Все-таки надо убавить громкость.
Ведь за стеной спят мальчики, мои подопечные из третьего класса: мертвый час, тихий час, или, как он там еще называется, этот час, когда детвору среди бела дня заставляют спать, а они, конечно, спать не желают, бузят втихую, рассказывают анекдоты, хохочут, уткнувшись в подушки… А как войдешь, глаза у всех зажмурены, будто спят крепким сном, даже похрапывают.
Я у них пионервожатый. Сейчас каникулы. И, увы, каникулы уже кончаются — последняя неделя августа.
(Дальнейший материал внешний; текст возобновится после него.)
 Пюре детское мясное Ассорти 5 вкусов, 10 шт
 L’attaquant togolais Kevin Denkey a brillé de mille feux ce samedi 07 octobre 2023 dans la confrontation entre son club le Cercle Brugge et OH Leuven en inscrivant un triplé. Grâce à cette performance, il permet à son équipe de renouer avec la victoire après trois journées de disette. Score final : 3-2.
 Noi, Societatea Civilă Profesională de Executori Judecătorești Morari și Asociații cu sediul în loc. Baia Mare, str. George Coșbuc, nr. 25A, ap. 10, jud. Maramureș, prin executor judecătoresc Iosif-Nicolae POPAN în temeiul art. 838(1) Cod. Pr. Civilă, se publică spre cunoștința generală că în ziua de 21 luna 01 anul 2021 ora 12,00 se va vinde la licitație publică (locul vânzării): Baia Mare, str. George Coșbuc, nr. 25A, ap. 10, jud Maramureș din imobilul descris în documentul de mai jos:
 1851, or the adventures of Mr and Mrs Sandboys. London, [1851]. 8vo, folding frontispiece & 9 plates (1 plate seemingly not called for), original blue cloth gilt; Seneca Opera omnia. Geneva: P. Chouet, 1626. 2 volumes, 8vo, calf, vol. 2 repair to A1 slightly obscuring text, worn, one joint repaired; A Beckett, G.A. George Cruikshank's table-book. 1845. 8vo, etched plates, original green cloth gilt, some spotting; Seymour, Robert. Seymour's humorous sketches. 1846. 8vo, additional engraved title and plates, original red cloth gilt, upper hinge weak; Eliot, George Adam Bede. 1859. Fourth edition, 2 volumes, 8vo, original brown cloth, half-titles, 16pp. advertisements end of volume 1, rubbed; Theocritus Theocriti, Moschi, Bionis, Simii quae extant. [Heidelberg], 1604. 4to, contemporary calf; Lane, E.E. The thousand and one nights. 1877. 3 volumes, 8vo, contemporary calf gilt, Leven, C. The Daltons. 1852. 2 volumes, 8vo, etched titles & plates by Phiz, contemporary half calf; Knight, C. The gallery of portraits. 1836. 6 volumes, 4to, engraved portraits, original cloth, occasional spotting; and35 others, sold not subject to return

Нынешним летом мы опять живем близ Вереи: есть такой старинный городок, кто бывал, тот знает, а кому не довелось — не много потерял.
Но природа здесь вполне приличная. Речка есть, Протва, хотя и холодная очень. А так леса, леса. И на территории нашего пионерского лагеря большой плодовый сад.
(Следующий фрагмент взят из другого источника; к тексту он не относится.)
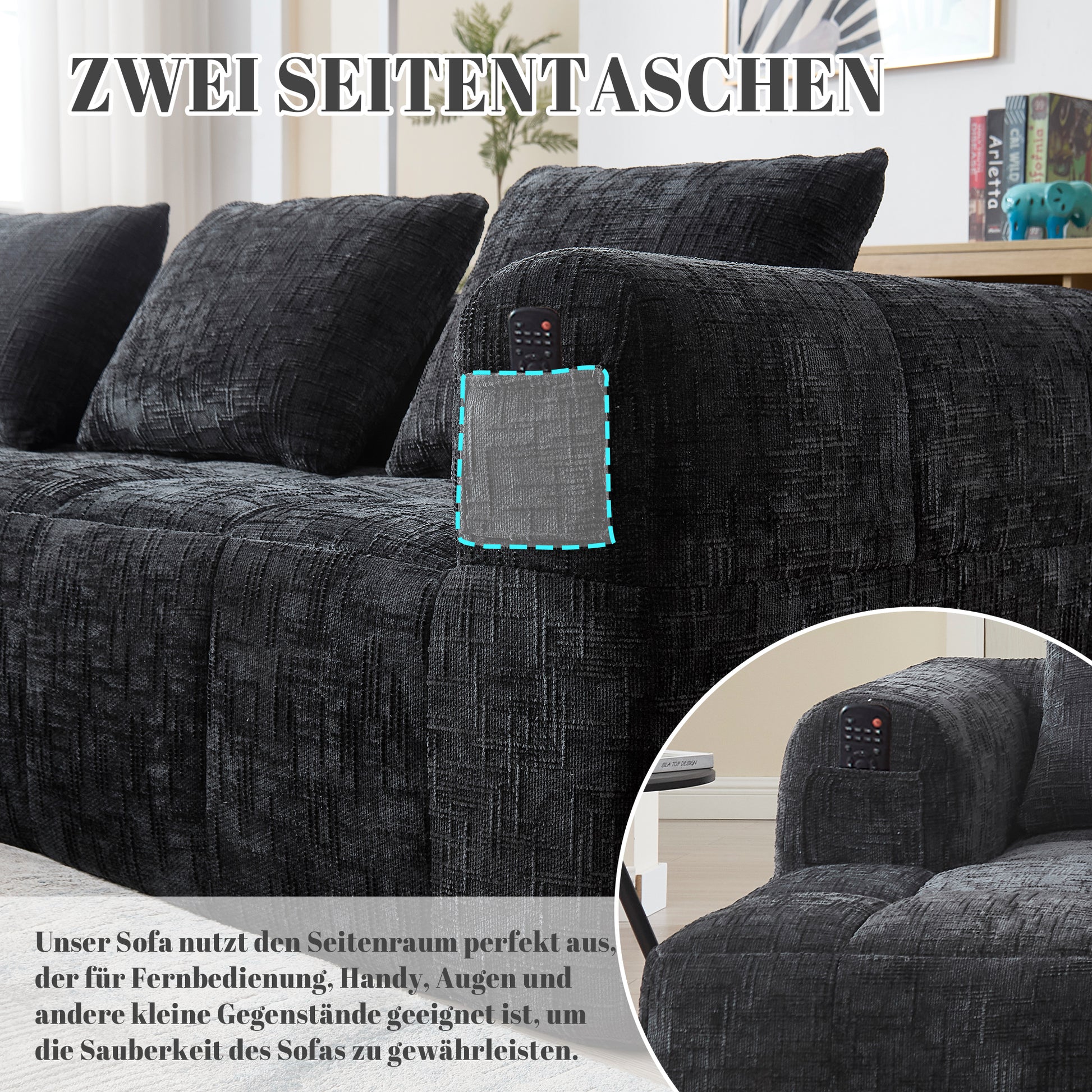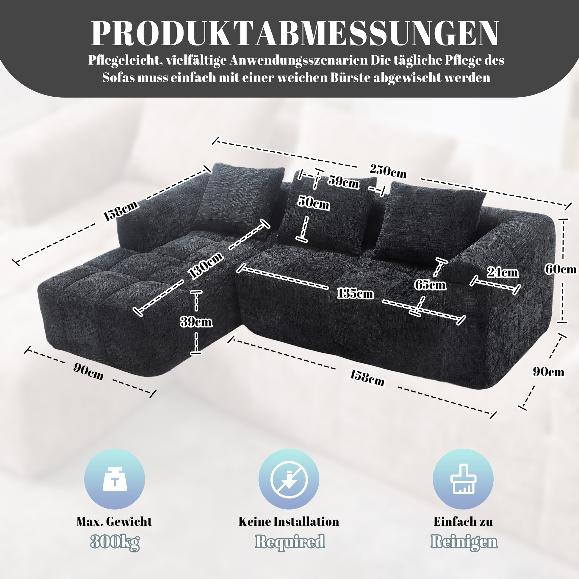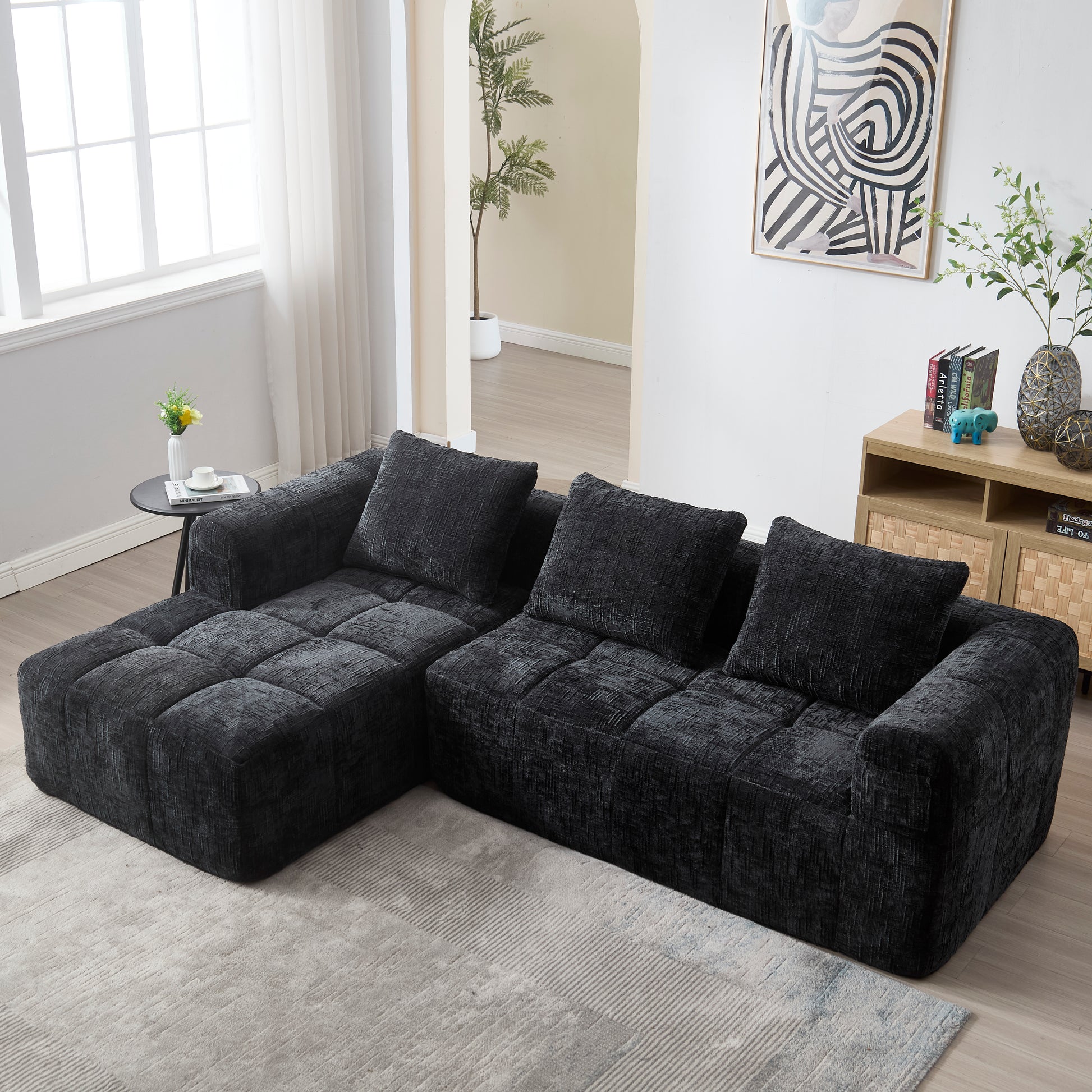 Modern Sectional Sofa L-Shaped 3-Seater Chaise Lounge, Chenille Black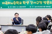 [ 포에버뉴스 김경순 기자 ] 진교훈 서울 강서구청장이 8일 구청 대회의실에서 마곡하늬중학교 3학년 학생들과 직접 대화하며 소통하는 시간을 가졌다. 구는 행정이 어떻게 이뤄지고, 공무원이 어떤 역할을 하는지 학생들이 현장에서 직접 체험하며 이해할 수 있도록 이날 자리를 마련했다. 3학년 1반과 4반 학생 40여 명이 구청을 찾아 진 구청장과 만났다. 진 구청장은 “구청에 직접 와보니깐 어때요?”라고 질문을 하며 대화를 이끌어갔다. 학생들의 장난스러운 질문에도 유쾌하게 답변했고 대화 내내 웃음이 끊이지 않았다. 길거리 흡연 등 생활불편부터 강서구의 주요 정책과 예산 규모, 10년 후 강서구에 필요한 정책에 이르기까지 폭넓게 대화했다. 진 구청장은 “마곡지구 발전과 맞물려 유동인구가 많아짐에 따라 간접흡연 피해 민원도 늘고 있다”며 “흡연 단속과 계도를 병행해 피해를 줄여나가겠다”고 말했다. 마곡 통합신청사와 신경제축 조성 등 굵직한 사업에 대해서는 학생들의 눈높이에 맞춰 알기 쉽게 설명했다. 10년 후 정책에 대해선 “변화의 속도가 매우 빠르기 때문에 기술의
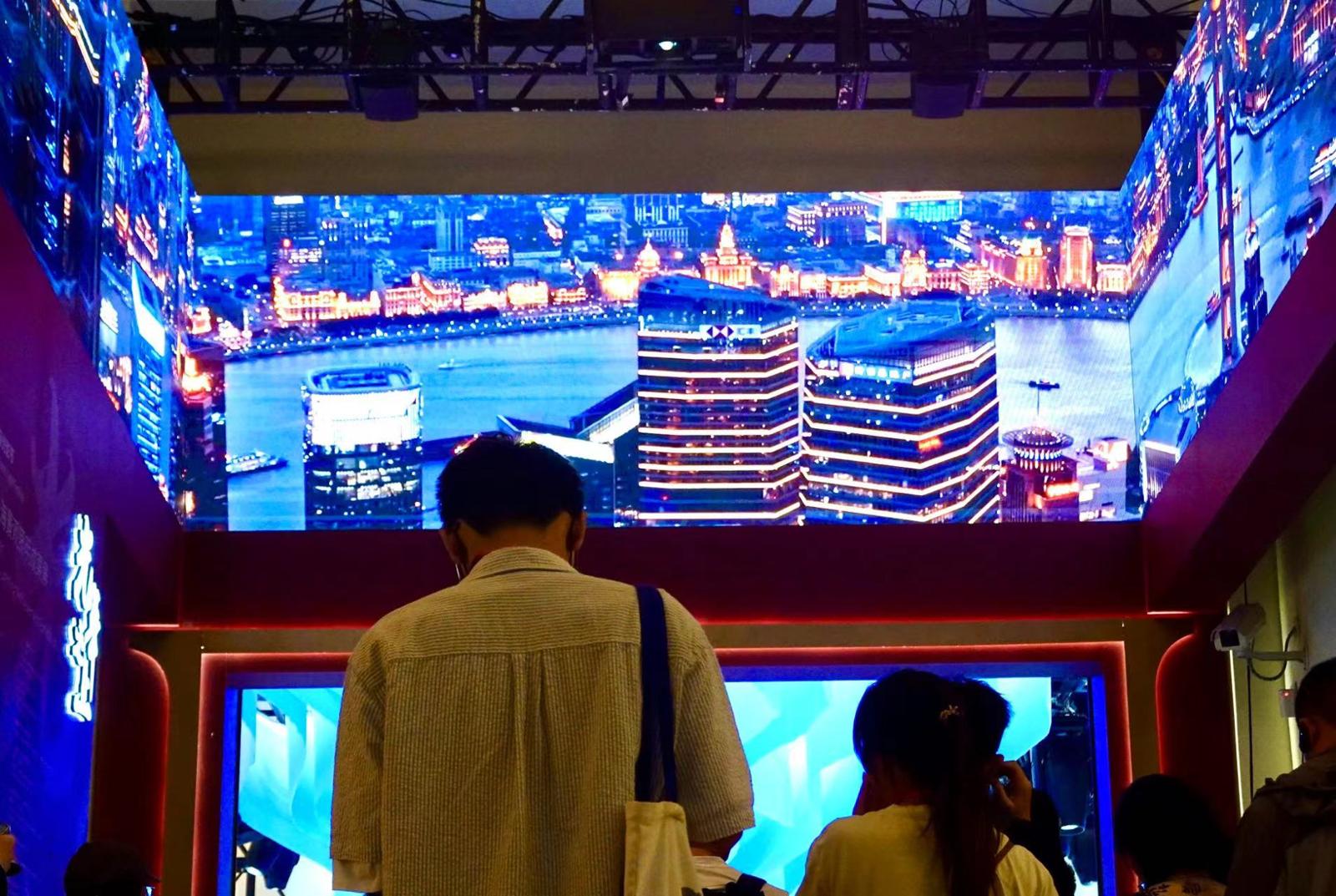 走进“光年之行”展厅,犹如踏上一艘乘风破浪的游轮。船舷南侧,既有从外滩“万国群”到陆家嘴“三件套”的浦江建筑夜景对话,也有“光影秀带”重现了外滩视角的浦江灯光秀。船舷北侧,蜿蜒的苏州河从疏浚治理到景观照明,在蝶变中点亮人民城市的滨河夜生活。值得一提的是,“AI电音”在《摇啊摇摇到外婆桥》的童谣混效中,借助AI声光电系统和虚拟人荡舟苏河的飞越视角,创构了河滨电音节的生活娱乐场景。“夜色步道”通过光影切换在微缩版滨河步道上,还原42公里苏河两岸绿化、栈点等光影融合的惬意夜生活。

Как раз под моим окном растет яблоня. Сейчас на ней уже зрелые яблоки. Много. Рвать их нам разрешают, и мы их рвем и едим сколько влезет, хрумкаем, а будто и не убавляется — столько этим летом яблок. Вся Верея и все окрестности Вереи — сплошные яблоки. Местная ребятня вместо камней швыряет друг в дружку яблоками. И по речке Протве почему-то все время плывут яблоки…
Так вот, об этой яблоне, что под моим окном.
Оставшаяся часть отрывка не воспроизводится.